Some studies pointed out that Gram-negative bacteria infection in patients with acute pancreatitis with abdominal infection was significantly higher than that of Gram-positive bacteria [
35]. Therefore, this study compared the differences of various indexes between the two types of bacterial infections. The results showed that the PCT of Gram-negative bacterial infections was significantly higher than that of Gram-positive bacterial infections (
p < 0.05), but there was no significant difference in CD64 index, CD64 positive rate, and CRP between the two groups (all
p > 0.05). PCT is an important biomarker commonly used to predict bacterial infections in clinics. It can also guide the diagnosis and treatment of infectious diseases. Its sensitivity and specificity are higher than traditional markers such as WBC and CRP. CRP test is controversial in term of limitation sensitivity and specificity [
36]. PCT may be better than CD64 index in the early diagnosis of bacterial infection [
37] but CD64 index is still preferable and a method of choice in diagnosing severe and complicated bacterial infection in term of sensitivity and specificity [
38,
39]. When the body is infected or invaded by endotoxins, neutrophil CD64 can increase 4~6 h after stimulation and 0~24 h after sepsis. This study confirmed by the bacterial culture that the peripheral blood CD64 index of acute pancreatitis (AP) patients can be significantly increased within 24 h after concurrent bacterial infection, which is expected to become a new biomarker for the early diagnosis of sepsis.

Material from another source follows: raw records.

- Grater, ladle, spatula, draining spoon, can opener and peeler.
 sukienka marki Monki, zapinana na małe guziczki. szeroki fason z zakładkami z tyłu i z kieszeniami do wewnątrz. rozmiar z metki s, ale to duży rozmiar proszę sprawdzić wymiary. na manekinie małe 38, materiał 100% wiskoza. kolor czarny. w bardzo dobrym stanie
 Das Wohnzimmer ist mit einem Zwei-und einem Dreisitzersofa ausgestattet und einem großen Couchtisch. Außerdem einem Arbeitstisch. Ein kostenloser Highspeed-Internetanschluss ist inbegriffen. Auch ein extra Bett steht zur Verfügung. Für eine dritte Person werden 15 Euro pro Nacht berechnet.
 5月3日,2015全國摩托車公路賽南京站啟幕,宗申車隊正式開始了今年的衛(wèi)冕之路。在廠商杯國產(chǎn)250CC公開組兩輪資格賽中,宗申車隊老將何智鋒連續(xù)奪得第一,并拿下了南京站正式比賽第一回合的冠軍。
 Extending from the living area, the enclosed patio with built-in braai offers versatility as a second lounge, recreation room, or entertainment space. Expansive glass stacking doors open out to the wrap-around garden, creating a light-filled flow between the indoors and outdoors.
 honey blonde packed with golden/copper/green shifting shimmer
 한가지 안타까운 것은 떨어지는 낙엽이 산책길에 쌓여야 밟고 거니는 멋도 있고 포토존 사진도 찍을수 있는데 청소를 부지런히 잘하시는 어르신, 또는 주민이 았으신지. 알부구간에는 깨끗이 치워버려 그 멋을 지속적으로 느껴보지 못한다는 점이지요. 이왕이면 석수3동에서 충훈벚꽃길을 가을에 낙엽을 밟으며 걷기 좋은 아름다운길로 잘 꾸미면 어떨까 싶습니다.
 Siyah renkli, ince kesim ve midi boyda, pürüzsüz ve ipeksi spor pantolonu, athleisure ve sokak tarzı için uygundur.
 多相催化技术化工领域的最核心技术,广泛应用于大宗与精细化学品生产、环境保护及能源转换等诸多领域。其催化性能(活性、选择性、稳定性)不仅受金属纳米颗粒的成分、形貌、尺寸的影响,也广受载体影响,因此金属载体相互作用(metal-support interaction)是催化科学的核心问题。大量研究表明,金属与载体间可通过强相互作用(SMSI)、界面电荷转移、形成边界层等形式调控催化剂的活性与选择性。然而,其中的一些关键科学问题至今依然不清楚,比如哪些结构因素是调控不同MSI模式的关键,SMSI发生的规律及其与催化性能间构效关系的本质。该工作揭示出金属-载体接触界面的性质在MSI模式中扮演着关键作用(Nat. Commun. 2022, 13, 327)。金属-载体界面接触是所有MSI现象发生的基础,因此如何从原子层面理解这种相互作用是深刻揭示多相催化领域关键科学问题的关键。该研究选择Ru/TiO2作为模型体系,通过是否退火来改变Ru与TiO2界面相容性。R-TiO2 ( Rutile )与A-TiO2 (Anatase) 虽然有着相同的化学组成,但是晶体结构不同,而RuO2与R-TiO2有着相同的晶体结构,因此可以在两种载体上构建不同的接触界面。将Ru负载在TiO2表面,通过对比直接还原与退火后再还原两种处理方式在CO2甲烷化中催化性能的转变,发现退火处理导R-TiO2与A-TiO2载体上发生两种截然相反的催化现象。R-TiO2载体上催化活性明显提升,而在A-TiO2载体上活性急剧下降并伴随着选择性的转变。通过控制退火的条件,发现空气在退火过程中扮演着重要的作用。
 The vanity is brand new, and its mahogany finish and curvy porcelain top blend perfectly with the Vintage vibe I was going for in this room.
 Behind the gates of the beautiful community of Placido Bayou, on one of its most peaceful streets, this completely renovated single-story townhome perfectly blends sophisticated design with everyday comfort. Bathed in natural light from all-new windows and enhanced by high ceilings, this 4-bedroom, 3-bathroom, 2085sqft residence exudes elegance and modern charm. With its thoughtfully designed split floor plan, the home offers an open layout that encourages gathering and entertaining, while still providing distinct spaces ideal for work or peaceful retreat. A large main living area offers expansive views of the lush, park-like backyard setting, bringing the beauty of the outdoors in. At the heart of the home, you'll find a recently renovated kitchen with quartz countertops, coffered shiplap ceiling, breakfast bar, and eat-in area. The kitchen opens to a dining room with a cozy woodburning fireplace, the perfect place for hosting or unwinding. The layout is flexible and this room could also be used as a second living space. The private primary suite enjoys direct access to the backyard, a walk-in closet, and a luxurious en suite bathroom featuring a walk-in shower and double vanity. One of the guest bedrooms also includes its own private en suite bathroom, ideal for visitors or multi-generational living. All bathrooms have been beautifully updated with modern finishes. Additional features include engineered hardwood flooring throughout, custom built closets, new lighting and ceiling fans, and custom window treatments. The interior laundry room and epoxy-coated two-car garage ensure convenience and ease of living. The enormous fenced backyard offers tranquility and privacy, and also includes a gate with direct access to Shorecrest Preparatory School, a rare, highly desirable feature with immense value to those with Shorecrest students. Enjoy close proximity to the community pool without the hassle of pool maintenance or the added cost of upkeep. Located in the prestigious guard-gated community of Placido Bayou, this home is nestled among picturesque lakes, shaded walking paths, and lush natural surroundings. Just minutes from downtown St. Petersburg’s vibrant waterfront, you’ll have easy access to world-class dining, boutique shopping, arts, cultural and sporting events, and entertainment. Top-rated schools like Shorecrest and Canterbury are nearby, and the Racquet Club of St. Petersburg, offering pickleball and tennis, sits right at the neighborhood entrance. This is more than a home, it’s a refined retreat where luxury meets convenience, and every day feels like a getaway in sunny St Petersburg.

Ye Z et al. reported that the sensitivity of CD64 on the surface of neutrophils for the diagnosis of bacterial infection is ≥90%, and the specificity can reach 90~100%, which is significantly better than PCT, CRP, and other indicators. However, there are many ways to express the test results, including CD64 MFI, CD64 positive rate, and CD64 index, and the calculation formula of CD64 index is not unified. The calculation formula of the CD64 index for diagnosing infection obtained by various laboratories is quite different from the cut-off value, and the comparability is poor [
40].
Because CD64 is expressed in various cells; in monocytes, these are produced in large amounts in physiological and infectious states, while lymphocytes have low expression of CD64 [
41]. Considering this expression pattern, this study used (MFI_PMN CD64/MFI_LYM CD64)/(MFI_MO CD64/MFI_PMN CD64) to express the CD64 index, which not only quantified the expression level of CD64, but could also reduce the operation error to make the CD64 index more objective. The results showed that the efficacy of CD64 index in the diagnosis of acute pancreatitis with abdominal infection was better than other indexes, but the specificity was lower than PCT. The Youden index (0.781) was the largest in the diagnosis of sepsis, while the AUC of PCT (0.897) was the highest. The sensitivity of the CD64 index was higher than that of PCT, but the specificity was lower than that of PCT. Previously, the sensitivity and specificity of neutrophil CD64 was found to be more than 80% [
42].
When the CD64 index was combined with PCT, the sensitivity and Youden index increased, but the specificity decreased. It is suggested that combined diagnosis is helpful to improve the diagnostic efficiency of acute pancreatitis with abdominal infection and sepsis.